Got an answer from the Scipy user group:
A csr_matrix has 3 data attributes that matter: .data
, .indices
, and .indptr
. All are simple ndarrays, so numpy.save
will work on them. Save the three arrays with numpy.save
or numpy.savez
, load them back with numpy.load
, and then recreate the sparse matrix object with:
new_csr = csr_matrix((data, indices, indptr), shape=(M, N))
So for example:
def save_sparse_csr(filename, array):
np.savez(filename, data=array.data, indices=array.indices,
indptr=array.indptr, shape=array.shape)
def load_sparse_csr(filename):
loader = np.load(filename)
return csr_matrix((loader['data'], loader['indices'], loader['indptr']),
shape=loader['shape'])
Though you write, scipy.io.mmwrite
and scipy.io.mmread
don’t work for you, I just want to add how they work. This question is the no. 1 Google hit, so I myself started with np.savez
and pickle.dump
before switching to the simple and obvious scipy-functions. They work for me and shouldn’t be overseen by those who didn’t tried them yet.
from scipy import sparse, io
m = sparse.csr_matrix([[0,0,0],[1,0,0],[0,1,0]])
m # <3x3 sparse matrix of type '<type 'numpy.int64'>' with 2 stored elements in Compressed Sparse Row format>
io.mmwrite("test.mtx", m)
del m
newm = io.mmread("test.mtx")
newm # <3x3 sparse matrix of type '<type 'numpy.int32'>' with 2 stored elements in COOrdinate format>
newm.tocsr() # <3x3 sparse matrix of type '<type 'numpy.int32'>' with 2 stored elements in Compressed Sparse Row format>
newm.toarray() # array([[0, 0, 0], [1, 0, 0], [0, 1, 0]], dtype=int32)

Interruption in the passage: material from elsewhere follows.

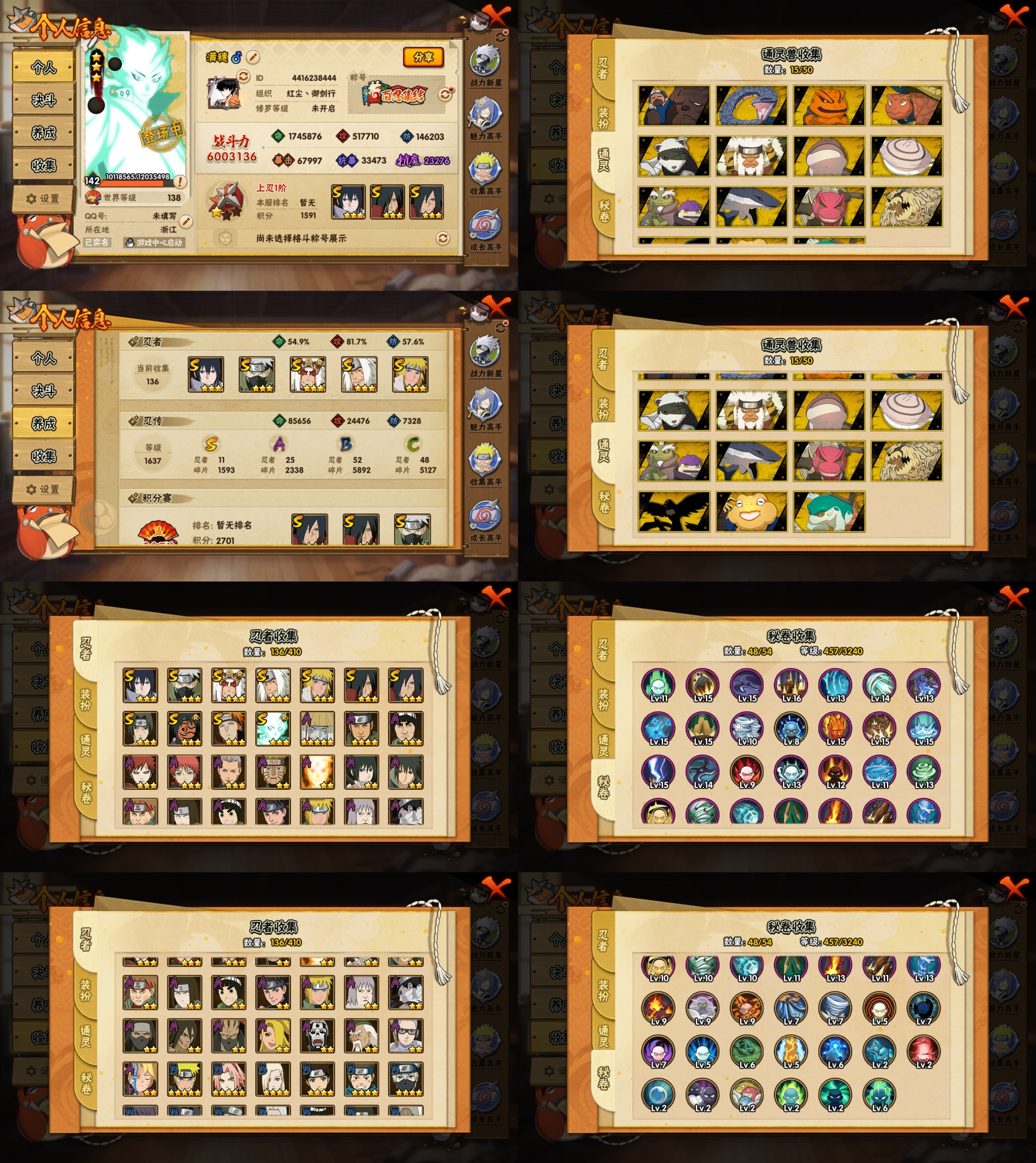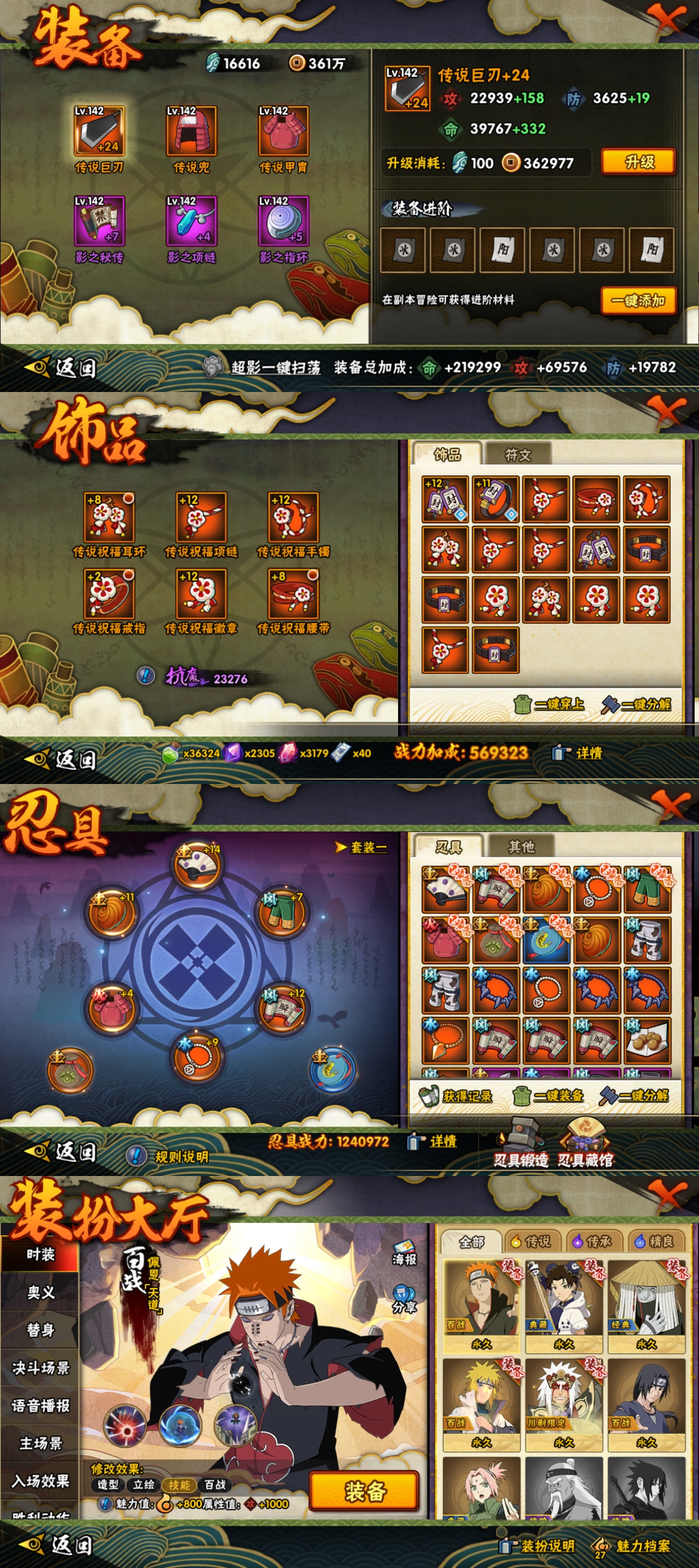 11s忍/25a忍/战力600w/v9/区服1623 【s忍者】 宇智波斑「秽土转生·解」,宇智波佐助「永恒万花筒」,神秘面具男「红夜之刃」,自来也「舞之豪杰」,旗木卡卡西「须佐能乎」,大筒木舍人「最终章」,自来也「传说中的三忍」,宇智波斑「秽土转生」,宇智波鼬「须佐能乎」,佩恩「天道」,波风水门, 【a忍者】 长十郎「六代目水影」,日向宁次「忍界大战」,漩涡博人「桃式显现」,李洛克「忍界大战」,

This is what I used to save a lil_matrix
.
import numpy as np
from scipy.sparse import lil_matrix
def save_sparse_lil(filename, array):
# use np.savez_compressed(..) for compression
np.savez(filename, dtype=array.dtype.str, data=array.data,
rows=array.rows, shape=array.shape)
def load_sparse_lil(filename):
loader = np.load(filename)
result = lil_matrix(tuple(loader["shape"]), dtype=str(loader["dtype"]))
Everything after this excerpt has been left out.